Michael's Document Search Engine
Amazon
In a distributed system course I took we decided to do a project with Google API.
Our vision to create a document search engine so that
the user can find a document on the Internet that has a high degree of
similarity to the given document. We call this system 'GoogleDoc'.
Possible applications include checking for
plagiarism in the academia, learning more about a big topic, and checking to see
whether an idea is already taken.
We use JICOS to do distributed and parallel
computing so that computation of results of a query can be returned in the
shortest amount of time possible.
One thing worth noting is that Google's rank is based on hundreds of
factors, many of which are related to the popularity of the web page. Therefore
the highest ranked web page does not even have to contain similarity the query
document. The goal of a document search engine is that if there exists such a
similar document on the Web, we should find it and it should be ranked at the
very top.
[2012/12/25] Later Google did come out with a service called Google Doc which was renamed Google Drive later.
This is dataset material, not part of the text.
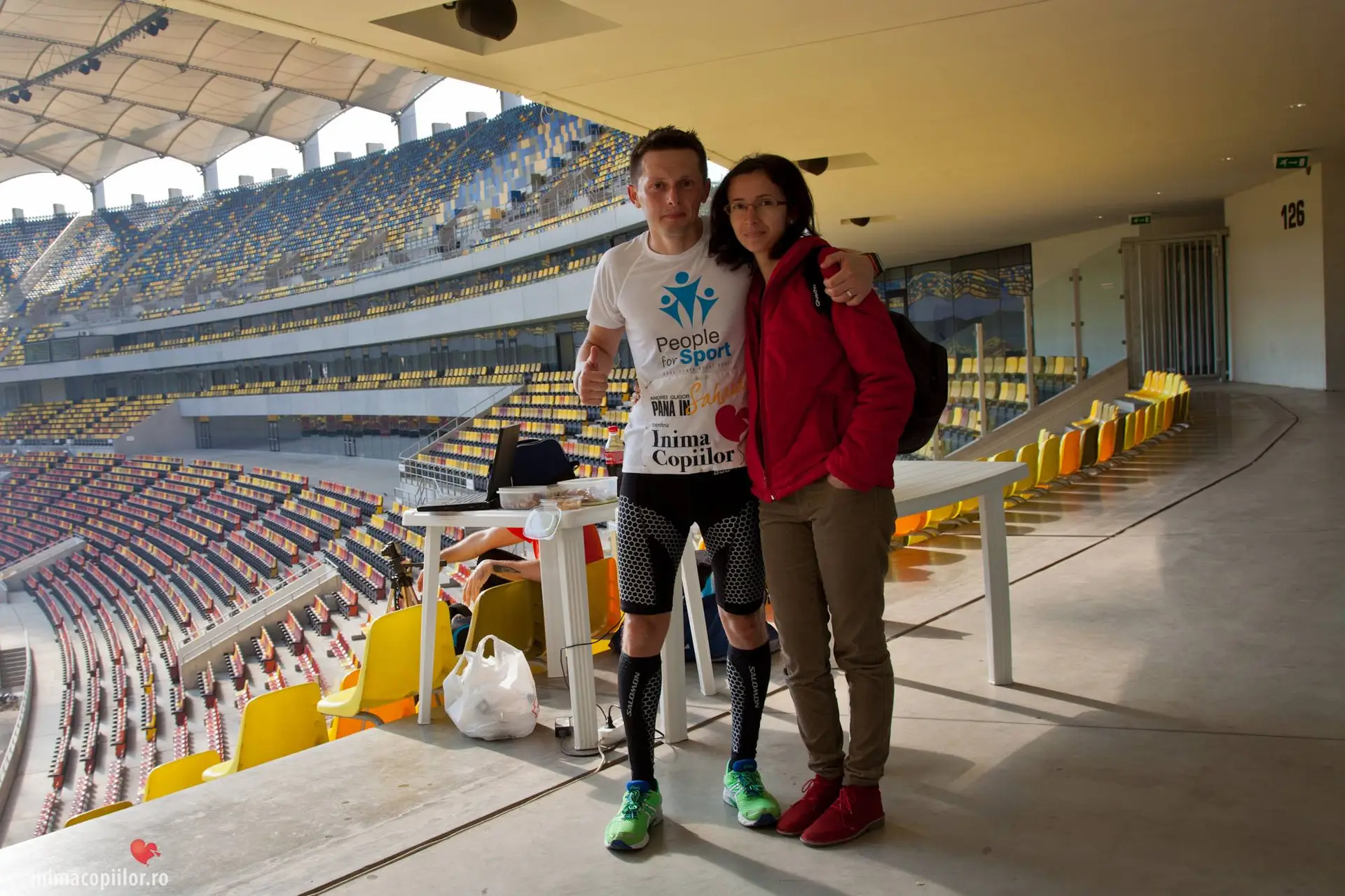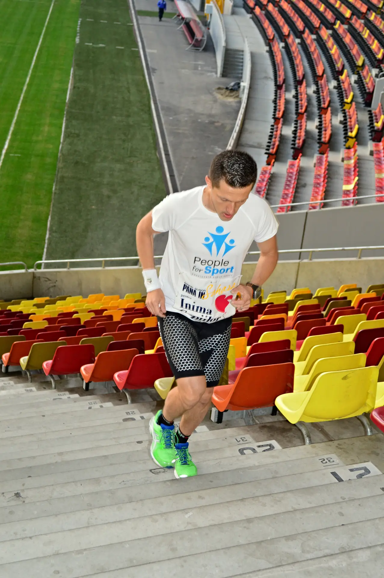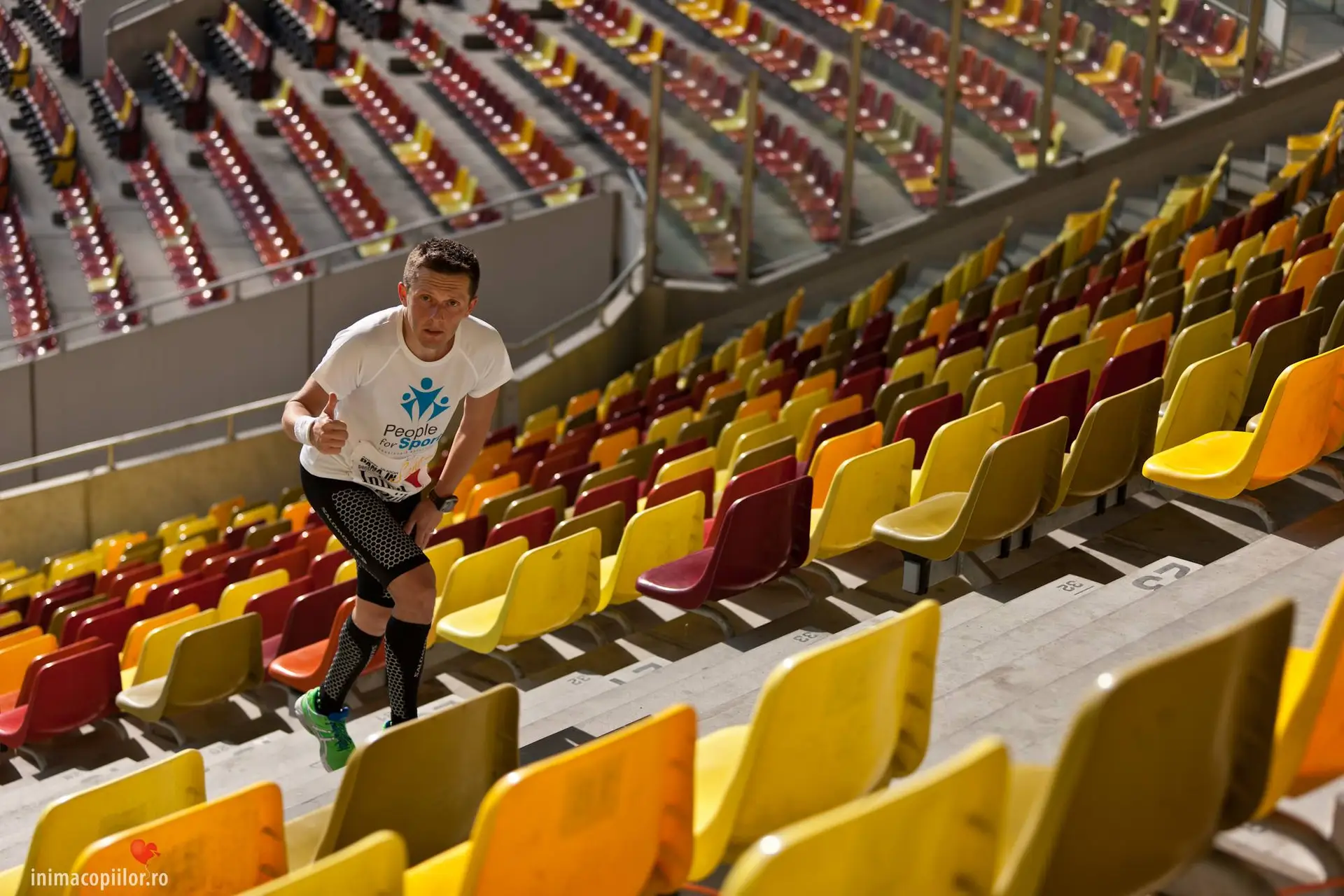 Sambata aceasta am alergat din nou, de data asta pe verticala, in cadrul evenimentului Vertical Challenge – Steps for Life Edition. Locatia aleasa de organizatorii evenimentului (People for Sport, Smart Atletic, Pastel si RoClub Maraton) a fost una pe masura, National Arena. Regulile jocului erau simple. Se alerga pe trepte, fiecare atat cat putea. Pentru Gabriel Solomon a fost un test inainte de evenimentul de la anul, in care va incerca sa doboare recordul mondial la alergat 24 de ore pe scari. Pentru noi, ceilalti 6 care am participat la eveniment, a fost poate un test de anduranta, de testare a limitelor fizice si mentale, o provocare personala. Sunt convins ca fiecare a avut motivatia lui, insa pe toti ne-a unit un singur lucru. Toti am alergat pentru Inima Copiilor, pentru a aduce din nou in ochii opiniei publice proiectul “Andrei Gligor pana in Sahara” si pentru ca ne dorim din tot sufletul sa oferim o sansa la o viata normala nou nascutilor cu probleme de la Marie Curie.

Therefore we came up with our own ranking mechanism that assigns each
returned URL a score based on purely the similarity and relevancy. The user can
choose to display the results according to Google rank, Our rank, or
alphabetical order.
Also Google API imposes several constraints such as the number of queries one
can make and so on. Since our underlying search system relies on Google API
completely, we have no control over that.
Our system is written in 100% pure Java. We use JSP technology so that our system
can be made accessible to anyone who has an Internet-enabled browser. Here are a
couple of snapshots of GoogleDoc's user interface and results' display:
As you can see Ice and Fire coexist in 'GoogleDoc', meaning that it
is able to perform well under situations of both extremes.